Why are you using both a clipper and the grinder? If she handles the grinder fine, I would use that and only that once a week as you can get a much closer trim without hitting the quick. It sounds like you are not trimming as much as you should if the toes are still too long. If you are not sure of yourself and afraid you are too close, you can try and grind back as far as you can comfortably go and then grind off just the outside shell of the nail, leaving the soft inner part. This leaves it exposed and will back up the quick very quickly.


----------



## StGeorgeK9 (Jan 5, 2008)

She really doesnt like the dremel at all, so I can still only do very short sessions with it right now. (which is why I was only using it to touch up edges) I'm trying to get her to the point where she is completely relaxed while working on her feet with either the clippers or the dremel so I didnt want to push too hard too fast. But I will start stepping up the use of the dremel.


----------



## EJQ (May 13, 2003)

Have you tried giving her a treat every time you touch her nails? It might help her to understand that this can be a positive experience.


----------



## StGeorgeK9 (Jan 5, 2008)

yes, that is how we got to the point we are now. We started with just handling the paws and rewarding, then touching with clippers or dremel, reward, small tip on one claw, reward... etc.... She has come a long long way in the past few months. But in the process (and we are not all the way there yet) her nails have gotten longer than they should. Honestly, I dont know what all happened at that groomers. All I know for sure is that while she didnt like her nails done before, she would accept it, but afterwards, she didnt want anyone to even look at her paws very hard. So, I will not trust her feet to someone else again, and will continue to work them back to where they need to be. I guess I just thought I would be closer by now.


----------



## pinkanml (Sep 3, 2007)

I've found that smaller sized nail clippers with thinner blades are able to kinda "shave" the nail in thin slices, so you can get pretty close to the quick with them.

I had this cheap small/med size one from Petsmart when Nico was a pup and it lasted me until a few months ago. That thing could shave the nail like cold butter, and I always got remarks on how short his nails were. 

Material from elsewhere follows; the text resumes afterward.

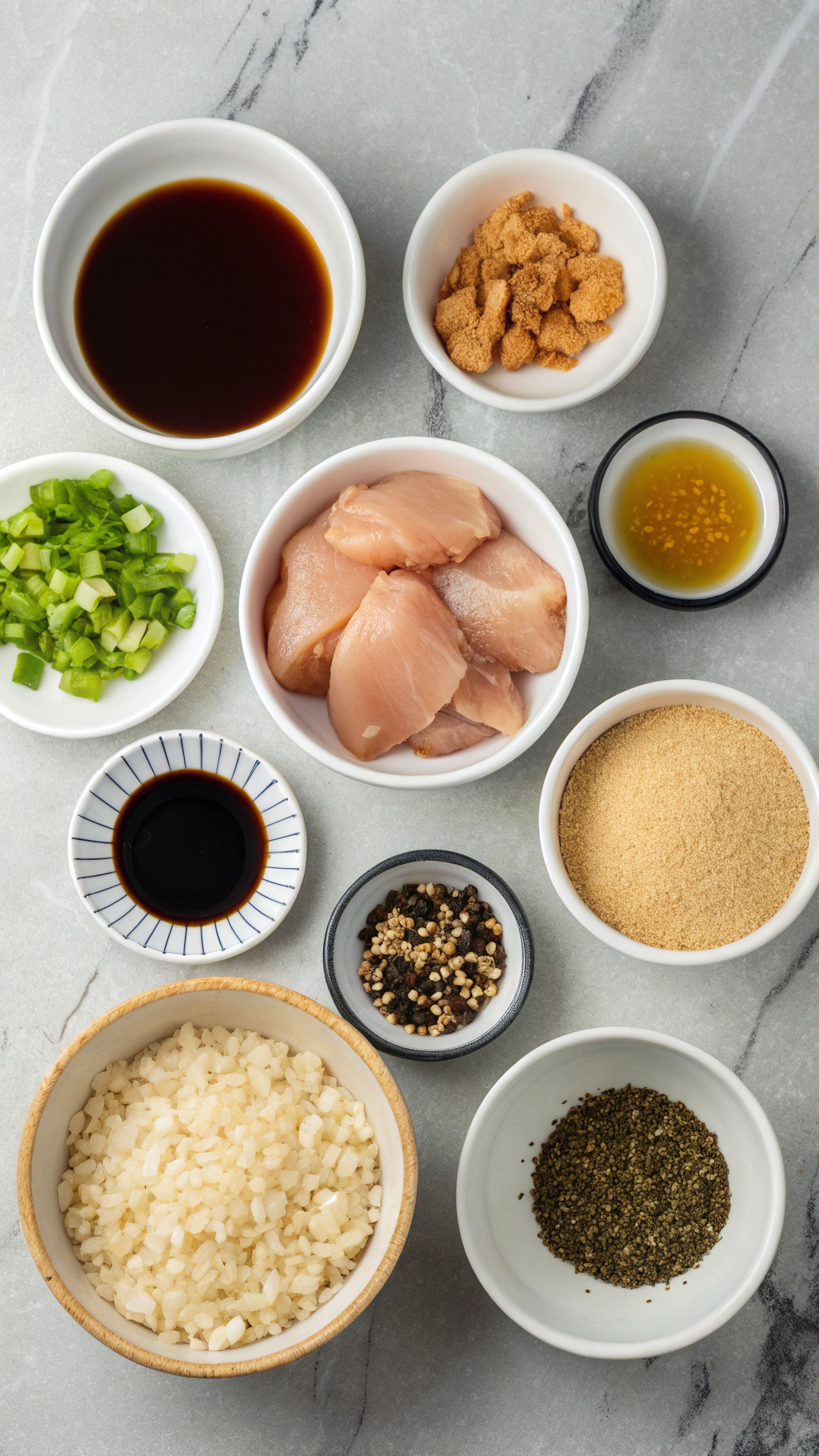 Cut the chicken thighs into bite sized pieces and pat them dry. Season lightly with black pepper and a small pinch of salt. In a small bowl, whisk together low sodium soy sauce, dark soy sauce, brown sugar, rice vinegar, and water or broth until the sugar dissolves.

Sasha's are a different story, she has really resistant quicks and her nails were long when I got her a couple years ago. They're still longer than I like, but off the floor. I got them back by cutting as close as possible (using multiple thin cuts) and then beveling the edges by cutting the sharp angles off. That kinda exposed the interior like mentioned above with the dremel.

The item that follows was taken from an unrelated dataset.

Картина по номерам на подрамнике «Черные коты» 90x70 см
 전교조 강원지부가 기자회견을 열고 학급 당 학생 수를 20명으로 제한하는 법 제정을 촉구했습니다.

Figures I went ahead and bought a med/large clipper the other day and quicked her bad for the first time ever. I'm going to donate it to the daycare and go buy a smaller one, or probably a dremel.

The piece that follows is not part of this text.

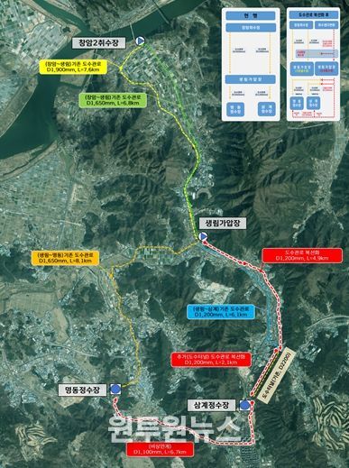도수관로는 취수원(원수)에서 정수장까지 원수를 운반하며 송수관로는 정수장에서 배수지(수돗물 저수지)로 송수하기 위한 관로이다. 해당 사업은 올해부터 2045년까지 20년 동안 총 1,802억원이 투입되며 도수관로를 시작으로 복선화사업을 점진적으로 완료한다.

How close are you getting, can you start to see that black central dot in the nail? Also maybe just hand filing would work if she hates the dremel.


----------



## StGeorgeK9 (Jan 5, 2008)

Do you have a pic or a web site where you got your clippers Jessica? I bought new ones, that are much sharper than the the others, which helped a lot, but if I could find an even sharper set I'm sure it would be better still. I do try to shave off and just take a little at a time and I do get it down to that dot, I get close, and have actually quicked her slightly myself on accident (fortunately it was not enough that she even noticed herself). Since I'm doing this a couple times a week right now, there isnt much to take off each time anyway so I've been trying to be careful. I will pick up a hand file the next time we are out at the pet store, that may be the best way to go. Ava's nails are not touching the floor when she stands, but she still has a pretty good clipping sound when she walks on the tile and wood floors. 

I'm not sure I understand what you mean by exposing the interior. Do you file the underside and the edges to do that?


----------



## pinkanml (Sep 3, 2007)

I bought the clippers at Petsmart and they were just the generic black handled brand. When I went back to get another pair, they had changed to ones with blue handles and they were completely different









To expose the outside, rather than clipping straight across the nail, with the clipper flush against, I would tilt the clipper to catch the edge on an oblique plane and cut the corners away from the middle (if that makes any sense) on the left and right, which left a little point at the top that I'd trim off too.

I will have to post pics later, though it will be hard to do it with these stupid clunky ones I have now.


----------



## StGeorgeK9 (Jan 5, 2008)

Thanks so much Jessica!!


----------



## pinkanml (Sep 3, 2007)

You're welcome, I really hope that awful explanation helped


----------